Limites de la liberté d'expression

Certaines collectivités locales se raidissent devant l'e-transparence. Le 1er janvier, un ingénieur au conseil général des Bouches-du-Rhône, Philip Sion, a ainsi créé un blog, dénommé Wikileaks13, pour «dénoncer ce qui est mal, ce qui est faux, ce qui est courbe et contraire à l'intérêt d'une ville magnifique [Marseille] et de celui de tous ses habitants.» Le 4 janvier, il est suspendu de ses fonctions et tente de se suicider.

Au conseil régional d'Aquitaine, Aurélie Boullet, jeune cadre territoriale, a aussi commencé par créer un blog anonyme pour dénoncer «les dysfonctionnements et décisions absurdes» dans son service, avant de rédiger un roman à succès (voir encadré).

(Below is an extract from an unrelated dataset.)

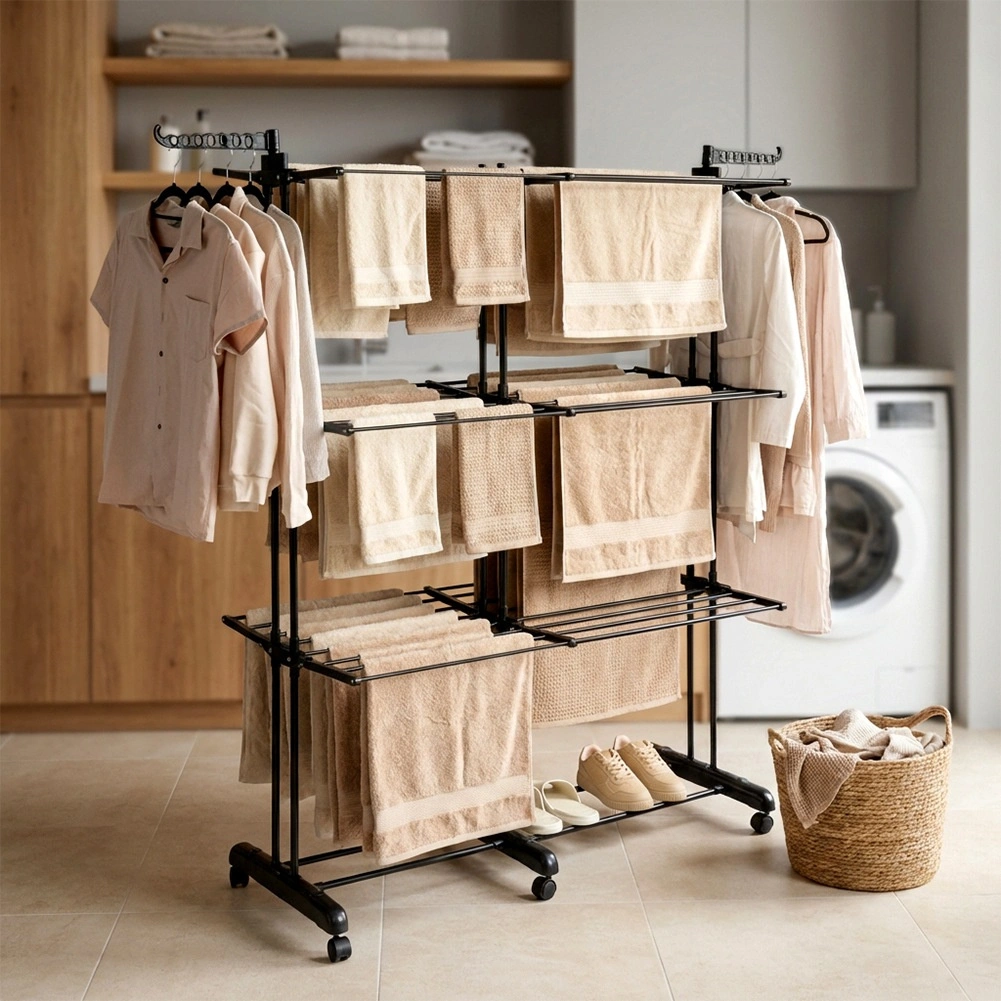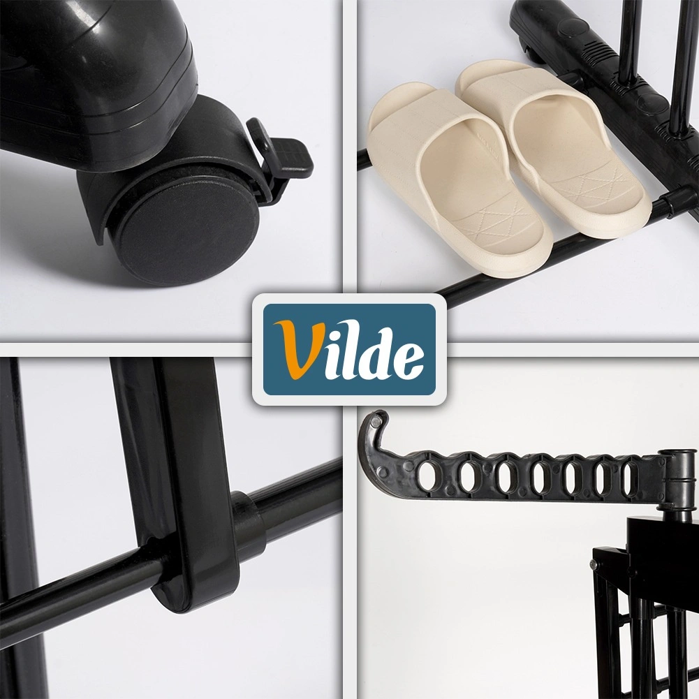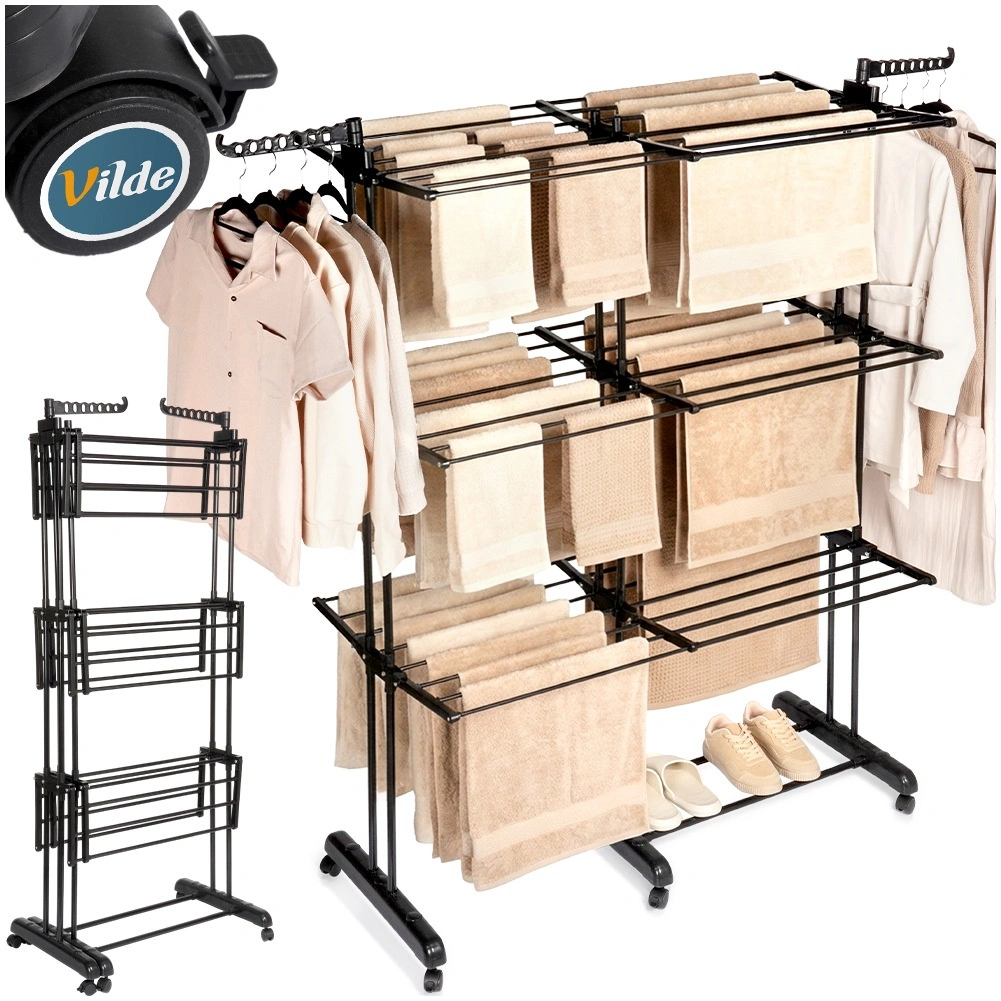 Den robuste ramme af pulverlakeret metal er modstandsdygtig over for fugt, og takket være de kraftige stænger deformeres den ikke under belastning. Den teleskopiske bredde på 75–135 cm sparer plads, mens 6 hjul (3 med bremse) sikrer nem flytning og stabil låsning på stedet.

Dans l'univers de la publicité, le phénomène se constate aussi dans des agences comme Euro RSCG, qui a eu droit à son blog de contestataires, baptisé Vu au bureau chez Euro, actif jusqu'en 2009.

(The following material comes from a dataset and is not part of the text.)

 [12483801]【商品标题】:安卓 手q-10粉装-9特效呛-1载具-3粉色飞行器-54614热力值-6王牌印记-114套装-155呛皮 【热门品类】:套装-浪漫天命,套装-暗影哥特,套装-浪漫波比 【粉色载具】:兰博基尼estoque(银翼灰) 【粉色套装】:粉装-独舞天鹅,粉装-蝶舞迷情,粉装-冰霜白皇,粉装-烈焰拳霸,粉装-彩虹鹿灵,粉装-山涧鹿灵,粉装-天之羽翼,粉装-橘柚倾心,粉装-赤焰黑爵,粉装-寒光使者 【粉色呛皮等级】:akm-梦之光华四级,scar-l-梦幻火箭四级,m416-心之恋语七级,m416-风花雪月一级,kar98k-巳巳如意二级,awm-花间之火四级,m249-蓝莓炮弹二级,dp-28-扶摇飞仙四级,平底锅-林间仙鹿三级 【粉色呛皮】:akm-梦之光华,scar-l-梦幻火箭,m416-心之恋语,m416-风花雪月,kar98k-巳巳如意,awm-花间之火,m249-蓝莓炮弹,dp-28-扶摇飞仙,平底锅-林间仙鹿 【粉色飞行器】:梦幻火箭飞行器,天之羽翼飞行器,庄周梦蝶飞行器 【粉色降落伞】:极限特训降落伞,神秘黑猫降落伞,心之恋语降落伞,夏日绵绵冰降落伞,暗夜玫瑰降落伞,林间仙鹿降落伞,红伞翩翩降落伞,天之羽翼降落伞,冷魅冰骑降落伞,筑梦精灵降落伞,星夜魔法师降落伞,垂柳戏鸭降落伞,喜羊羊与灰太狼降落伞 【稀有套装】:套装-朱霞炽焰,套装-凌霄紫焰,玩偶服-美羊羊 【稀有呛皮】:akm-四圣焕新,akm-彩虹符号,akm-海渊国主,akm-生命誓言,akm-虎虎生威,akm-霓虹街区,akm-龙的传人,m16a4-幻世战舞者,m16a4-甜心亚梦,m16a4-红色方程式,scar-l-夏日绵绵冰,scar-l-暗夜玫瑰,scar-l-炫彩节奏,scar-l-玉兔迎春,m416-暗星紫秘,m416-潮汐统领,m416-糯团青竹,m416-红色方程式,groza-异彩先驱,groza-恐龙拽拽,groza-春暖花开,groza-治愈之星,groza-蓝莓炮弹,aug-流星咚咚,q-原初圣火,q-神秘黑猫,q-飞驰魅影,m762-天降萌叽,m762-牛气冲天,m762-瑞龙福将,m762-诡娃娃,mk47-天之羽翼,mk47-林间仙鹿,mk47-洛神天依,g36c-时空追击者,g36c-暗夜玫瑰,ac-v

Si les salariés sont très loquaces en ligne, dans le même temps ils sont de plus en plus conscients des limites de cette liberté d'expression. Selon l'enquête Hopscotch-Viavoice, 86% d'entre eux connaissent les risques de sanction. Et ce même si seulement 12% des personnes interrogées ont été sensibilisées par une charte ou un guide de l'usage des médias sociaux. Cette peur du gendarme serait plutôt due aux nombreuses affaires de salariés licenciés à cause de Facebook, abondamment relayées par les médias ces derniers mois. Selon un collaborateur de Publicis Consultants, qui préfère garder l'anonymat, depuis la multiplication de ces histoires, l'attitude de ses collègues serait en train d'évoluer: «Avant, ils avaient tendance à croire qu'il y avait une impunité à parler de leur entreprise en ligne.  Maintenant, ils prennent conscience des risques et sont de plus en plus vigilants.»

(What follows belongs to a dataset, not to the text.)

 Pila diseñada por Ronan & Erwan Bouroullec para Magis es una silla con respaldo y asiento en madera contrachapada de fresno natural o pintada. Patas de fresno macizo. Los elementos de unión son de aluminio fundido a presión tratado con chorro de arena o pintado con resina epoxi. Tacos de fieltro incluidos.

Pour régler le problème, certaines sociétés encadrent l'usage de Facebook via des chartes (cf. Stratégies n°1613), voire le bannissent totalement des «open-space». Mais cela reste minoritaire.

Comme le problème n'est pas réglé, il faut s'attendre à ce que le nombre de licenciés pour dénigrements sur réseaux sociaux augmente encore cette année. Autant de nouvelles recrues pour le groupe Facebook intitulé «Fired by Facebook», qui compte déjà quatre cents membres…

 

 

encadré

Le roman qui empoisonne la région Aquitaine

«Vous appelez à propos d'Aurélie Boullet? On ne fait plus de commentaires.» Au service de communication de la région Aquitaine, l'auteur de l'ouvrage Absolument débordée (190 000 exemplaires vendus), malgré un pseudonyme d'écrivain (Zoé Shepard), est connue comme le loup blanc. L'hypermédiatisation de son retour au travail, début janvier, après quatre mois de suspension pour non respect du devoir de réserve, agace au plus haut point la région. Ici, son roman, très drôle, ne fait plus rire depuis longtemps. Sa description des dysfonctionnements dans une collectivité locale et ses personnages au vitriol, comme «Coralie “coconne” Montaigne, qui a une faculté peu commune à faxer systématiquement les lettres à l'envers…», ont créé un vrai malaise. La page n'est pas prête d'être tournée, puisque UGC vient d'acheter les droits du livre pour en faire un film.